Оказывается, что значительная часть прироста коренных малочисленных народов достигается не за счет превышения рождаемости над смертностью, а за счет того, что мы сейчас называем этнической реидентификацией. В советское время шел процесс ассимиляции, то есть потомки смешанных в этническом отношении браков чаще всего записывались русскими, или родители записывали их русскими.

- Это было выгоднее?

- Да. В то время это было выгоднее, это было в русле национальной политики нашего государства, унификации. Сейчас ситуация прямо противоположная, и во многих случаях увеличение численности коренного народа за последний межпереписной период значительно превысило величину его естественного прироста. То есть идет процесс так называемого восстановления национальности. По данным наших исследований, такой процесс идет не у всех народов, и даже у одного и того же народа ситуация в разных регионах может быть различная.

- А связано ли это как-то со льготами – например, в одном регионе льготы больше и выгодно записывать себя в коренные малочисленные народы, а в другом – нет? Или нельзя проследить такую закономерность?
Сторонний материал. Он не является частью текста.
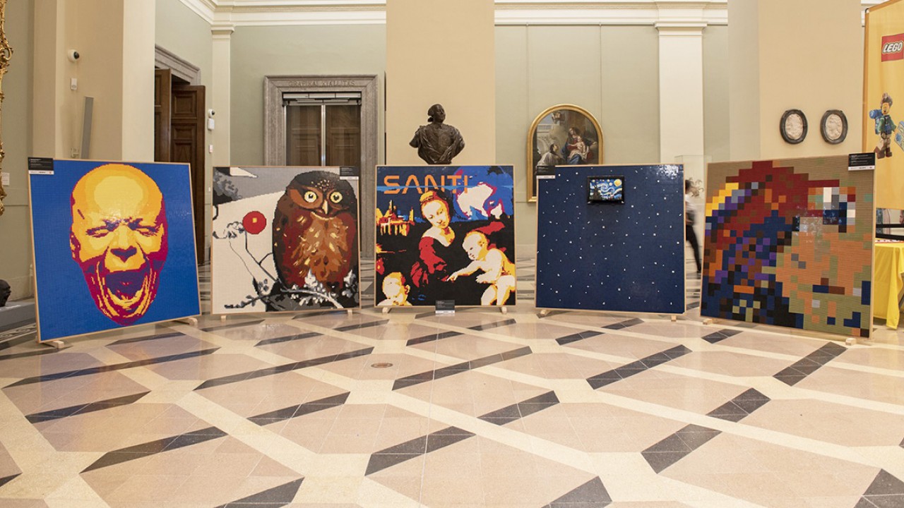 Ezen a színek dominálnak – a rendkívül valósághű szobrot megörökítő különleges színkombinációjában a pop-art koronázatlan királyának, Andy Warholnak munkássága köszön vissza. A sorozat legkidogozottabb elemeként Raffaello befejezetlen Esterházy Madonnája is rendhagyó értelmezést kapott, a háttérben a Lófej-ködöt jelképező színekben megjelenő Madonna fejjel és a NASA-ra utaló Santi felirattal kiegészítve. Végül, de korántsem utolsó sorban Vincent van Gogh Csillagos éj című festménye is bekerült ebbe a különleges gyűjteménybe. A festő Hold és csillagok iránti rajongását megörökítő képet – amely LEGO készlet formájában is elérhető - a kiállításon foszforeszkáló kockákkal tették még izgalmasabbá.

- Это надо специально изучать, но некоторая связь с региональной политикой наблюдается. Например, в Республике Саха (Якутия), где национальным вопросам уделяется большое внимание, действительно большой прирост за счет реидентификации. Но если мы возьмем собственно демографическую ситуацию, то она лучше всего у ненцев, это наиболее быстро растущий коренной малочисленный народ, который в скором времени может преодолеть уже рубеж в 50 тысяч, до которого народ считается малочисленным, то есть перестать быть малочисленным. И там прирост идет, в основном, за счет естественного увеличения численности населения. Этому тоже можно найти объяснение, поскольку там большая часть семей ведет кочевой образ жизни, занимается кочевым оленеводством, а число детей в таких семьях больше, чем у оседлых жителей. Тем более что при переезде из деревни в город естественный прирост снижается, то есть чем больше урбанизированность, чем больше процент городских жителей, тем меньше естественный прирост населения. А у ненцев уровень урбанизации низкий.

- Чем живут коренные народы - именно те, которые не переехали в город, а занимаются традиционной деятельностью?

- Ну, понятие традиционное природопользование, традиционное хозяйство обычно включает оленеводство, охотничий промысел, рыболовство и охоту на морских млекопитающих, которая сохранилась, в основном, на Чукотке. Морские млекопитающие – это киты, моржи, тюлени.

- В чем  традиционность этих занятий?

- Традицию обычно соотносят с инновацией, и действительно, любая традиция когда-то была инновацией, то есть когда-то была чем-то новым. Понятие традиционности - оно относительное. Но на самом деле традиционное - не обязательно значит старое, может быть и новая традиция. В качестве новой традиции можно назвать так называемую палатку канинских оленеводов, ненцев. Большая часть ненцев живет в чумах – конических переносных жилищах известной конструкции. А канинцы изобрели свою конструкцию, которую назвали «палаткой». Это своеобразный очень легкий переносной домик (см. фото) из 2-3 слоев брезента на деревянном каркасе. Такая «палатка» собирается за 15-20 минут, за это же время разбирается. По словам тех, кто ими пользуется, она значительно более удобна, чем чум. Единственный недостаток – она менее устойчива против ветра, поэтому, когда она уже поставлена, ее обычно укрепляют нартами. Она придумана в 60-е годы ХХ века.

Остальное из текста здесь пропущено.